Try that one on with today’s literature of family dysfunction! In a contemporary novel, a daughter like Louie would be destroyed for years because her mother beat her and mocked her, because she was fat and had to wear shabby clothes to school, because her father called her stupid and read her poems out loud to the other children as a joke. When I think of what The Man Who Loved Children would have been in the hands of a lesser, more conventional artist, I am all the more filled with admiration for Christina Stead. There is not an ounce of self-pity in this entire book–instead, there’s a pity for humanity, mixed with a wild, almost Henny-ish relish for the comic and terrifying extremes of life.

I think the character of Henny is a very feminist creation, actually–she is what you get when you bottle up a wife’s tremendous energies in miserable and unequal marriage, when you arrange society so that women are trapped in the house. And if I ever teach again, this book is going right at the top of my syllabus. I wonder if the problem with teaching this book isn’t less Henny’s character than that it just offers more domestic excruciation than many professors want to handle. (All right class, for next time, read up to the passage where Sam gets the children up so they can listen to Henny’s agonized shrieks in childbirth.) Stead certainly makes you notice all that is reserved and genteel and unstated in other writers’ fiction. Maybe I’m not the only person whose initial response to the prospect of reading this book is: I don’t want to know.

Speaking of gentility, you mentioned money as something that is missing from much fiction. I think that’s a 20th century thing; the great 19th century writers go on about it at length: It’s fundamental to Jane Austen, Dickens, Trollope, George Eliot (as you mentioned), the Brontes (that Jane Eyre is poor and plain is the most important fact about her, except to herself), and of course all the French novelists, Balzac most famously. It’s even there in Woolf and E.M. Forster–although there it’s mostly a preoccupation of subsidiary working-class characters who are often rather snobbishly depicted–not to mention George Orwell and Evelyn Waugh and Sinclair Lewis and Dreiser, and have I left anyone out? I think the shyness of novelists about money and its role in the lives of fictional characters is a recent phenomenon having to do with anti-realism, the elevation of the novel as an art form, and the interests of contemporary readers, which tend more to sex. Or possibly some other reasons. Or maybe it isn’t even true.

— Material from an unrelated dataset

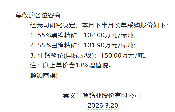据崇义章源钨业3月20日消息:崇义章源钨业股份有限公司3月下半月的长单采购报价如下:1. 55%黑钨精矿:102万元/标吨,较上轮报价上调12万元/标吨;2. 55%白钨精矿:101.9万元/标吨,较上轮报价上调12万元/标吨;3.仲钨酸铵(国标零级):150万元/吨,较上轮报价上调17万元/吨。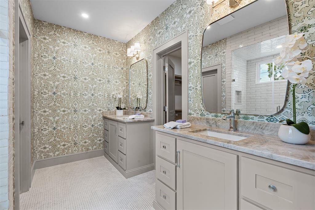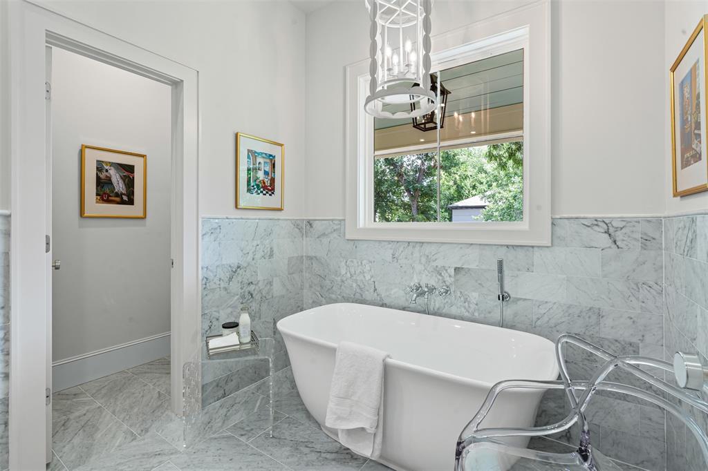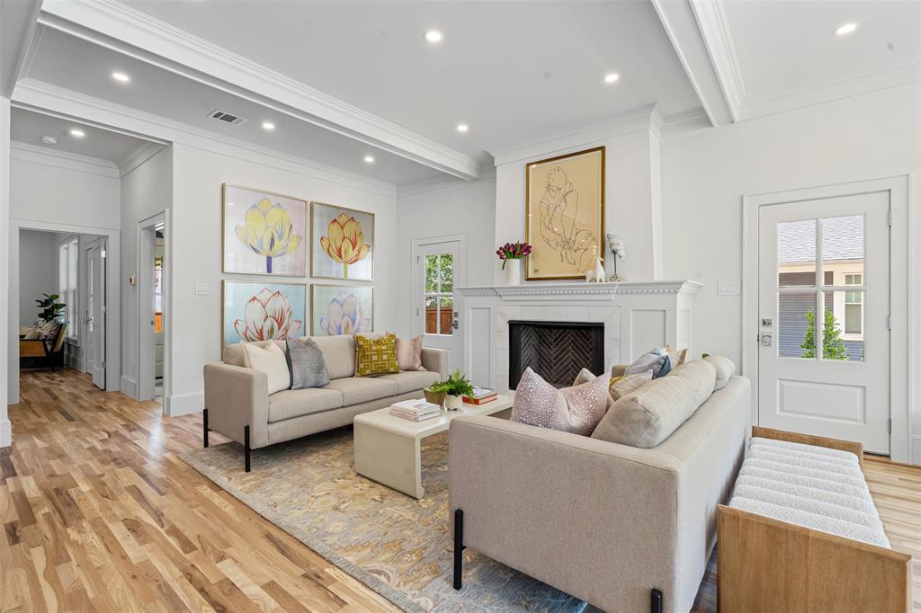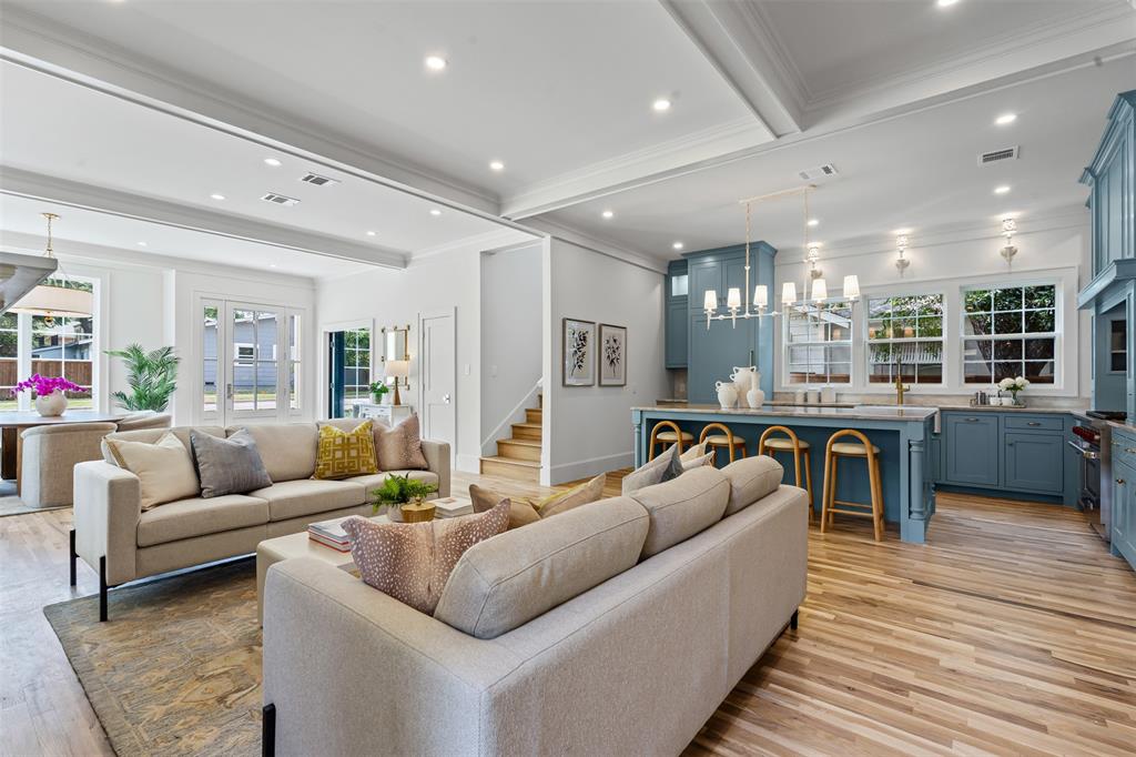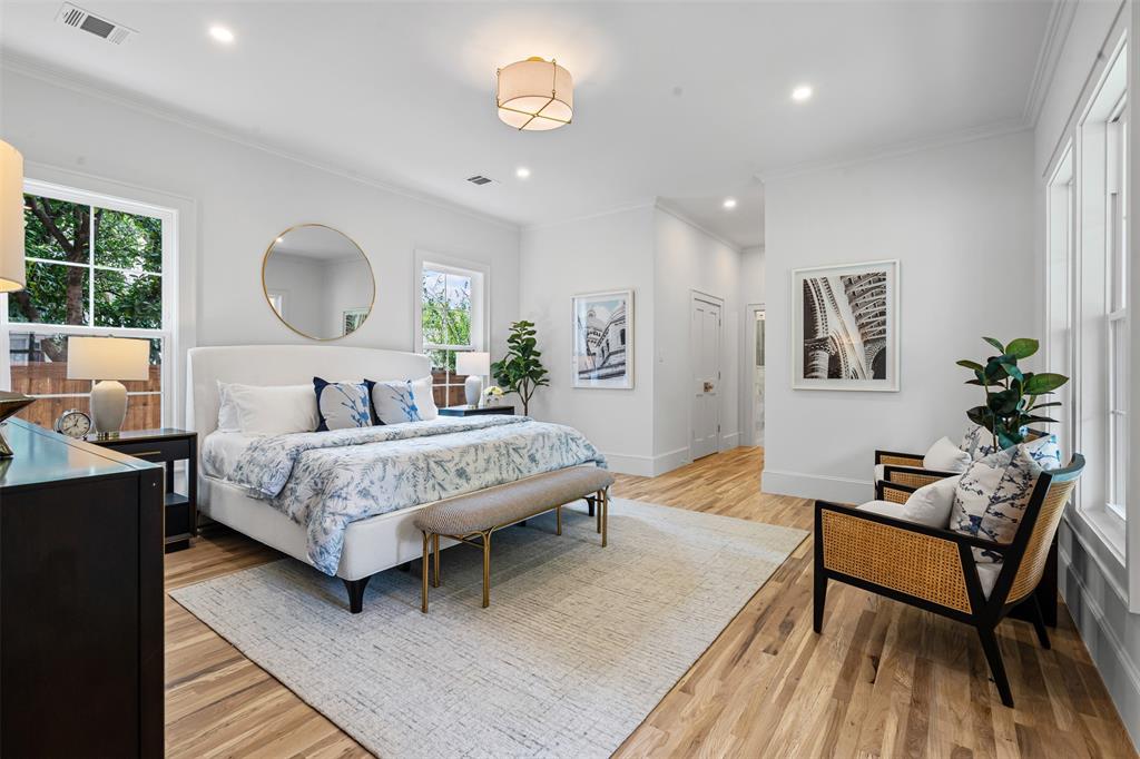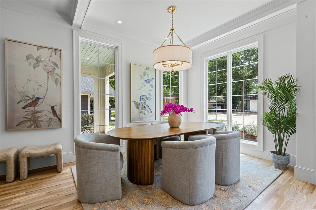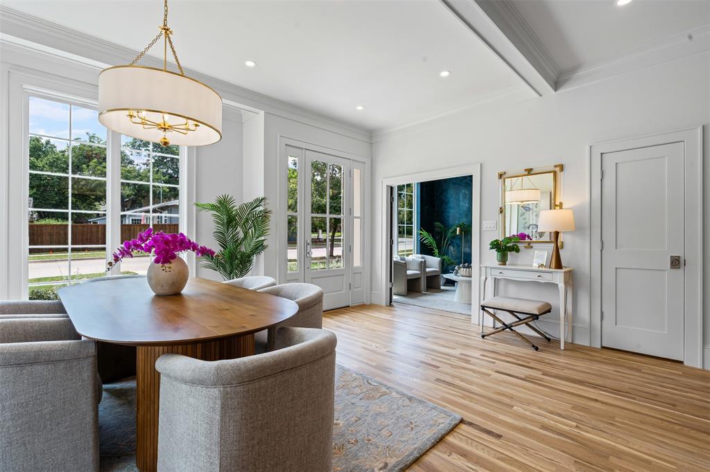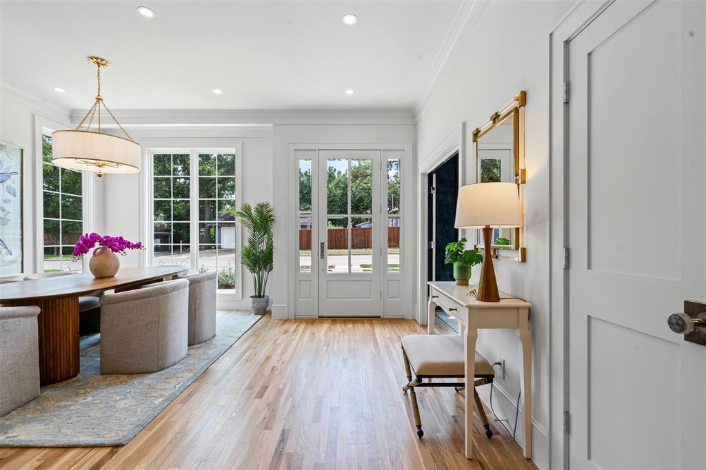 This Monticello bespoke Provincial-inspired residence by Yellow Door Renovations blends architectural heritage with contemporary artistry, all just a few blocks from River Crest CC. Its crisp white exterior is articulated in classic board-and-batten paneling, lending texture and depth across the façade. Inside, light spills through floor-to-ceiling windows, illuminating coffered ceilings adorned with intricate moldings. Designer light fixtures are dramatic focal points throughout, and Venetian plaster in the den-office creates a jewel box. The kitchen, anchored by an expansive island, is both the heart and masterpiece with custom cabinetry and Taj Mahal quartzite countertops, and warm brass hardware. A Wolf professional-grade gas range, an integrated Thermador refrigerator, and an expansive pantry are ready for preparing memorable meals to share with friends and family. The kitchen is destined to be the gathering space with ample seating and perfect positioning in the open-concept great room. The primary suite is a true retreat, with a spa-like en-suite bath featuring soothing Carrara marble and a luxurious soaking tub, along with double closets. Throughout, gorgeous wallpaper selections define the character of each space. Other conveniences include a second-floor den-flex space with vaulted ceiling, laundry, and extra parking under the porte-cochere. Every detail has been attended to with elegant selections and thoughtful detailing. This is a home where form and function are inseparable, and craftsmanship is celebrated. The neighborhood is a walker’s dream with old growth trees, wide sidewalks, close proximity to the cultural district and ever-expanding culinary options on Historic Camp Bowie.

It’s interesting, though, that Christina Stead, for whom the economics of the Pollit family was such a concern, was something of a communist (not a party member, but a sympathizer). She lived for decades with an ex-banker-turned-writer who under the name of William Blake wrote An American Looks at Karl Marx, which I am assured by my friend the Last Marxist is the wittiest and cleverest and clearest guide to Marx’s thought he’s ever read. (And he’s read a lot of them.) You certainly don’t see explicit left-wing politics in The Man Who Loved Children, but you can see she is interested in demystifying economic relations within the family and in laying bare the material base on which the cultural superstructure of the Pollit family has been erected. Although, being a novelist, and a very great one, she might not put it like that.

I’ve enjoyed this tremendously, Marjorie, and I look forward to your last words. Perhaps between us we can move The Man Who Loved Children into triple digits on Amazon.com.